USA Today interviews Chloe Grace Moretz, another Brontëite:
Books. "I love Wuthering Heights, The Bell Jar. I prefer paperback." (Gayle Jo Carter)
Houston Press reviews the exhibition by Allison Rathan at the Archway Gallery:
I've Come Home Now echoes the dark power of Wuthering Heights as a man inside a castle embraces a woman through an open window. (Jim J. Tommaney)
Indeed. On the
artist's Facebook we can see the painting (on the right) with the well known quote from
Wuthering Heights: “He's more myself than I am. Whatever our souls are made of, his and mine are the same.”
The Independent remembers the Tamasha Theatre production of
Wuthering Heights in 2009:
Their other big successes include a visually breathtaking Wuthering Heights set in Rajasthan, India and A Fine Balance based on Rohinton Mistry's novel about poverty and injustice in India, which got glowing reviews. (Yasmin Alibhai-Brown)
Magic, Dragons and Other Fantastic Dreams interviews the author A.L. Butcher:
Which authors or books influenced your writing the most?
Oh gosh, as I’ve said I read a lot, in many genres so it would be hard to name them all. I suppose if I have to pull names out of hat –Alexandre Dumas, Gaston Leroux, Brontë sisters, Janet Morris, J.R.R. Tolkien, Terry Pratchett, David Gaidar, Ellis Peters, Richard Adams, Douglas Adams, E. A. Poe…. The list goes on.

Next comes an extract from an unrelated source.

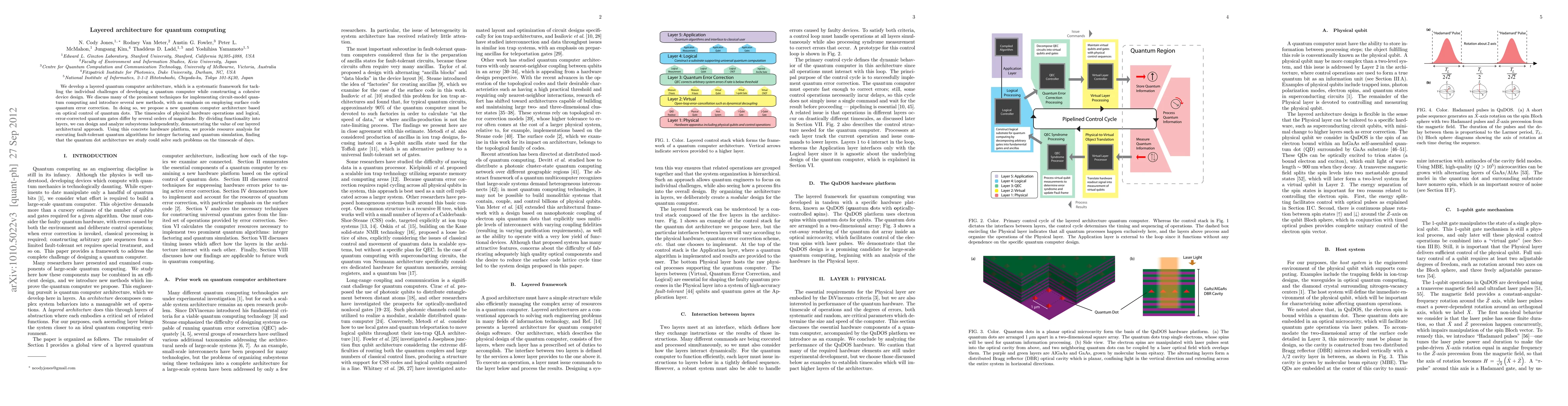 We develop a layered quantum computer architecture, which is a systematic framework for tackling the individual challenges of developing a quantum computer while constructing a cohesive device design. We discuss many of the prominent techniques for implementing circuit-model quantum computing and introduce several new methods, with an emphasis on employing surface code quantum error correction. In doing so, we propose a new quantum computer architecture based on optical control of quantum dots. The timescales of physical hardware operations and logical, error-corrected quantum gates differ by several orders of magnitude. By dividing functionality into layers, we can design and analyze subsystems independently, demonstrating the value of our layered architectural approach. Using this concrete hardware platform, we provide resource analysis for executing fault-tolerant quantum algorithms for integer factoring and quantum simulation, finding that the quantum dot architecture we study could solve such problems on the timescale of days.

Later in the interview she mentions
Wuthering Heights as one of her favourite novels.
ArtInfo carries the news of the Norton Conyers restoration award and its forthcoming opening to the public next July 2015.
No ves q estoy leyendo and
Janet Gaspar (both in Spanish) review
Wuthering Heights;
Mesh Movie Freak posts about
Wuthering Heights 1992;
the Brontë Sisters explores the life and times of Joseph and Elizabeth Carne, a contemporary and a second cousin of the Brontës;
Thomas Baden Riess reviews
Jane Eyre.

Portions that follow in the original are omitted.